Import Prices - is one of the figures applied in fundamental analysis of the market. It reports about change of import price for a month, as well it is inflation indicator. This index is constituted by import prices of many categories excluding pieces of art, military goods etc.
Formation of import prices
Any product can be estimated within market framework of a certain state. Therefore, customs duty for import is laid in price of imported product that covers the difference between national and import product of the same category.
When needed, import prices can be brought down to zero in order to boost import. It is made when imported goods are not produced in the country, when favorable conditions for less developed country are set or if trade relations with a certain country are important. This tariff is included in cost of product, therefore, Import Price index is taken into account upon calculation of consumer prices.
Import Price index is published as percentage, because current figures depend on index value in previous periods whereas recent figure does not depend on current. Thus, the condition of measurement is that previous figure is equal to 100%. If current import prices grew, for example, for 20%, final value will be 120%. In news table this index is usually expressed as incremental/decline percentage, for example, 0,3% or -0,5%.

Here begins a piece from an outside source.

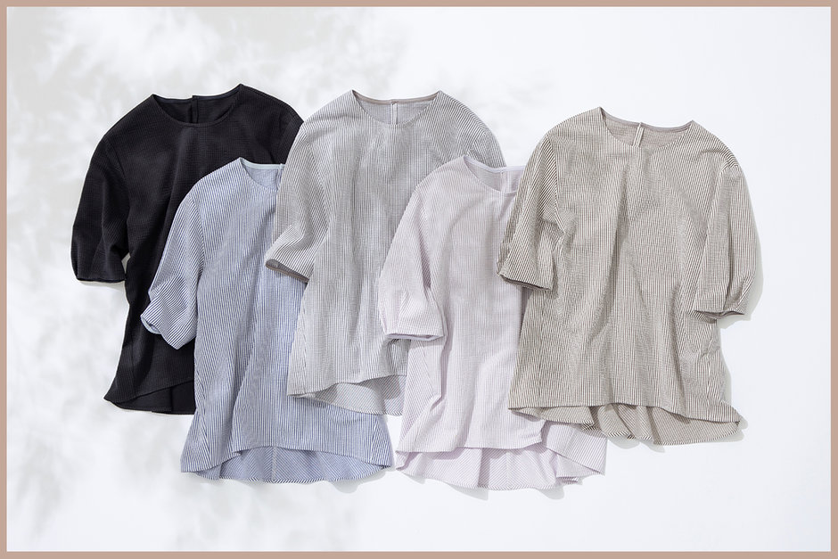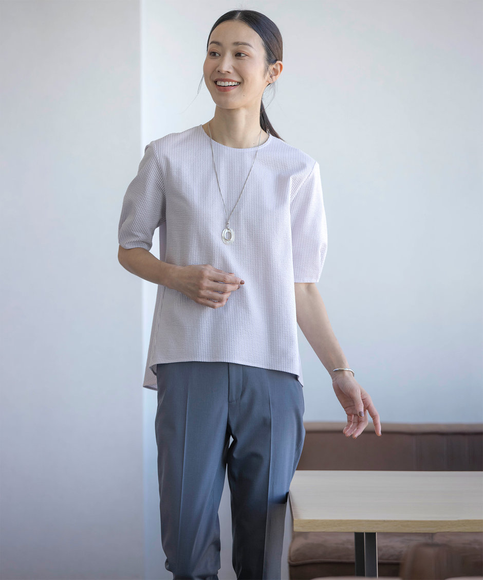 5分袖で、ボリュームの出過ぎないタックスリーブのカットソー。後ろをほのかなペプラムにして、女性らしいシルエットにしています。後ろはスナップ開きのため着脱もしやすいです。さらりとした着心地で夏も快適に、ロングシーズン活躍します。

Import Prices index in fundamental analysis
Import Prices impacts on retail prices of consumer basket, therefore, it helps to forecast movement of quotes. Although present index is not a significant figure of Forex analysis, it can be used as a tool for confirmation. For instance, increase in interest rates and import prices can lead to growth of base currency rate. The reason is that with a consolidated currency the import price tend to decline.
Import Prices are published once a month together with export prices. This statistics is represented from 1989 in the USA and from 2005 in Germany, France, Great Britan, Pacific region of South East Asia (ASEAN), as well as in the Middle East. Above all, traders use US data reported usually on 10th of every month and German data reported in 20-s of every month, because those figures impact on major global currencies: US dollar and Euro.